NumPy Set Operations

A set is a collection of unique data. That is, elements of a set cannot be repeated.

NumPy set operations perform mathematical set operations on arrays like union, intersection, difference, and symmetric difference.


Set Union Operation in NumPy

The union of two sets A and B include all the elements of set A and B.

Set Union in NumPy
Set Union in NumPy

In NumPy, we use the np.union1d() function to perform the set union operation in an array. For example,

import numpy as np

A = np.array([1, 3, 5])
B = np.array([0, 2, 3])

# union of two arrays
result = np.union1d(A, B)

print(result)  

# Output: [0 1 2 3 5]

In this example, we have used the np.union1d(A, B) function to compute the union of two arrays: A and B.
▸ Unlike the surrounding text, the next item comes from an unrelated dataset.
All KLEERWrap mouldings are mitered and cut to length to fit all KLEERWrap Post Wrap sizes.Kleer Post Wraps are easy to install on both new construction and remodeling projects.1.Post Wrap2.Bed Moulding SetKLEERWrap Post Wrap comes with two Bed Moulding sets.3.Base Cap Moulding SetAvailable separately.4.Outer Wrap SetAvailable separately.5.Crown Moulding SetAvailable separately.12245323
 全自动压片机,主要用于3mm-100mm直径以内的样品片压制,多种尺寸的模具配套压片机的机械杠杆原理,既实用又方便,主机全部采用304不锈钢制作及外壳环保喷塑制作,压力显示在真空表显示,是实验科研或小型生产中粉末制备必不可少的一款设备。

Here, the function returns unique elements from both arrays.

Note: np.union1d(A,B) is equivalent to A ⋃ B set operation.
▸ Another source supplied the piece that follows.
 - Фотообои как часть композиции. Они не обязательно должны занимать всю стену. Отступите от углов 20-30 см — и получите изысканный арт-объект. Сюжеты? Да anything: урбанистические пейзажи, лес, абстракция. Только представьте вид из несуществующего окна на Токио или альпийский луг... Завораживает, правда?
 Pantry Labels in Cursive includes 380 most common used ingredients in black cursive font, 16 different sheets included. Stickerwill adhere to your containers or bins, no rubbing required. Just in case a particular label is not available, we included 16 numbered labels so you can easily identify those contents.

Set Intersection Operation in NumPy

The intersection of two sets A and B include the common elements between set A and B.

Set Intersection in NumPy
Set Intersection in NumPy

We use the np.intersect1d() function to perform the set intersection operation in an array. For example,

import numpy as np

A = np.array([1, 3, 5])
B = np.array([0, 2, 3])

# intersection of two arrays
result = np.intersect1d(A, B)

print(result)  

# Output: [3]

Note: np.intersect1d(A,B) is equivalent to A ⋂ B set operation.


Set Difference Operation in NumPy

The difference between two sets A and B include elements of set A that are not present on set B.

Set Difference in NumPy
Set Difference in NumPy

We use the np.setdiff1d() function to perform the difference between two arrays. For example,

import numpy as np

A = np.array([1, 3, 5])
B = np.array([0, 2, 3])

# difference of two arrays
result = np.setdiff1d(A, B)

print(result)  

# Output: [1 5]

Note: np.setdiff1d(A,B) is equivalent to A - B set operation.


Set Symmetric Difference Operation in NumPy

The symmetric difference between two sets A and B includes all elements of A and B without the common elements.

Set Symmetric Difference in NumPy
Set Symmetric Difference in NumPy

In NumPy, we use the np.setxor1d() function to perform symmetric differences between two arrays. For example,

import numpy as np

A = np.array([1, 3, 5])
B = np.array([0, 2, 3])

# symmetric difference of two arrays
result = np.setxor1d(A, B)

print(result)  

# Output: [0 1 2 5]

Unique Values From a NumPy Array

To select the unique elements from a NumPy array, we use the np.unique() function. It returns the sorted unique elements of an array. It can also be used to create a set out of an array.

Let's see an example.

import numpy as np

array1 = np.array([1,1, 2, 2, 4, 7, 7, 3, 5, 2, 5])

# unique values from array1
result = np.unique(array1)

print(result)  

# Output: [1 2 3 4 5 7]

Here, the resulting array [1 2 3 4 5 7] contains only the unique elements of the original array array1.